В раннем творчестве писателя получает воплощение концепция
деиерархизированного мира, в котором снимаются традиционные аксиологические,
ценностные
оппозиции
(внешнее/внутреннее,
необходимое/случайное,
главное/второстепенное,
прекрасное/безобразное
и
т.д.).
Появление
децентрализованной модели мира объясняется тем, что Ремизов фактически
устраняет объективного повествователя и передает его функции случайному,
незаинтересованному, а нередко и постороннему наблюдателю или рассказчику, в
«непосредственном» сознании которого и отражается повышенная хаотичность
мира. Аналогичный процесс происходит в творчестве Г.Газданова и Г.Иванова, что
отражает общее для экзистенциального сознания представление об отсутствии
единого и прочного основания мира, порождающее ощущение непреодолимого
хаоса бытия.
Во втором параграфе «Обретение Дома как экзистенциальная проблема»

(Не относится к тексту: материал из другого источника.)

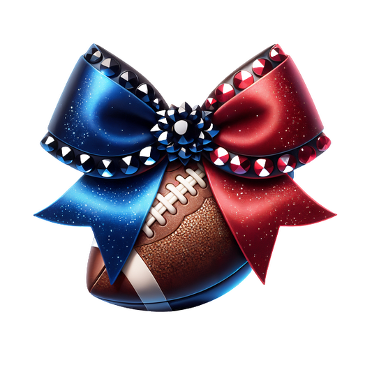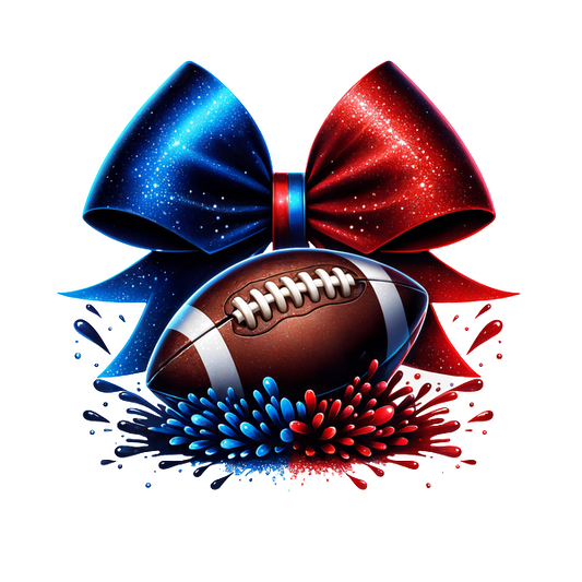 A vibrant illustration featuring a football adorned with a blue and red glittery bow, celebrating sports and festive spirit.DTF Transfers heat press transfers

раскрывается взаимосвязь образа Дома в ранних рассказах Ремизова с
экзистенциальной концепцией человеческого существования.
Утрата человеком в художественном мире писателя Дома становится одним из
основных показателей экзистенциального мироощущения Ремизова. «Сквозные»
мотивы отсутствия, разрушения, потери дома в дореволюционных рассказах
Ремизова отражают идею «бездомности» (незащищенности, хрупкости
существования) как субстанциального статуса человека в мире. При этом
отсутствие социально-исторических причин утраты Дома в рассказах писателя
показывает, что эта проблема ставится автором как вопрос субстанциальный,
метафизический.
Одной из основных эмблем бесприютности, беззащитности человека в раннем
творчестве Ремизова становится «космический» холод, противопоставленный
недосягаемому для героя теплу. Холод приобретает всеобщий характер как
проявление неуютности мира, его враждебности.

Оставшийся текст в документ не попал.